ARM Cortex M0/M3/M4:Why PC is always Even number in Thumb State

Question

As far as I understand it, ARM Cortex-M CPUs are always in Thumb state, which means:

Thumb state indicated by program counter being odd (LSB = 1). Branching to an even address will cause an exception, since switching back to ARM state is not allowed.

However, while I am using CortexM0 and M4 CPU, the PC is always even. Each time I branch, the LR records PC+1 and each time I return, the PC gives LR-1.

For example, if lr = 0x0000_01D5,

Execute

BX lr

Then PC should be 0x0000_01D5, whereas it gives 0x0000_01D4.

Isn't this impossible?

Any comment will be appreciated.

Answer 1

From Cortex-M4 Technical Reference Manual:

2.3.1 Program counter

Register R15 is the Program Counter (PC).

Bit [0] is always 0, so instructions are always aligned to word or halfword boundaries.

Reading from PC shouldn't return an odd address. However when you write to PC, LSB of value is loaded into the EPSR T-bit. From Cortex-M3 Devices Generic User Guide - 2.1.3. Core registers

Thumb state

The Cortex-M3 processor only supports execution of instructions in Thumb state. The following can clear the T bit to 0:

instructions BLX, BX and POP{PC}

restoration from the stacked xPSR value on an exception return

bit[0] of the vector value on an exception entry or reset.

Attempting to execute instructions when the T bit is 0 results in a fault or lockup. See Lockup for more information.

In other words, you can read even values from PC but can't write such values under normal circumstances.

Answer 2

I had that confusion as well. The lsbit is set for situations where the address is going to be used by a BX. The lsbit is stripped when it goes into the pc itself. If you disassemble some simple pc relative addressing that will demonstrate what is going on.

Answer 3

While there are 4,294,967,296 [2^32] memory locations, the actual data bus is only 8 bits wide.

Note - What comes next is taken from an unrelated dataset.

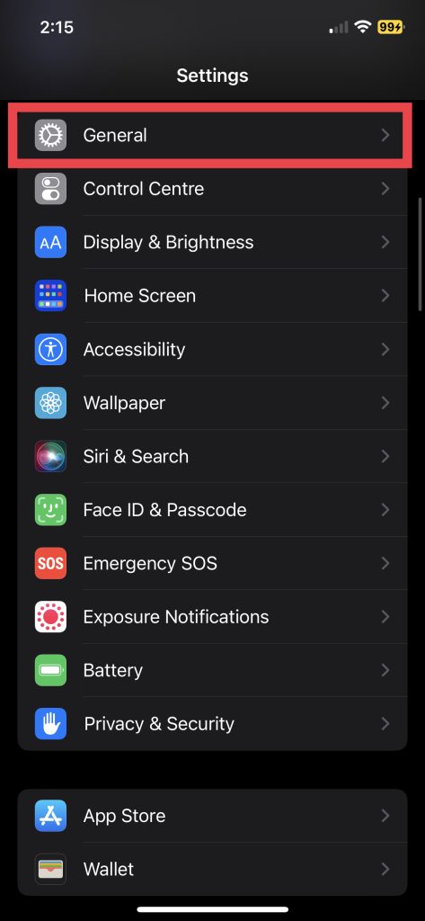 1.Nyissa meg az iPhone -tBeállításokés elmegyÁltalános-

For 16-bit instructions, you need 2 memory accesses per instruction load: that's where arguments about "Endian" start. Whichever way you order it, 2 bytes get read in with the 1st byte at an address ending in 0.

[sigh] If the ARM data bus was 16 [or 32] bits wide, you could forget about bits in the PC - and have double [or quadruple] the instruction space.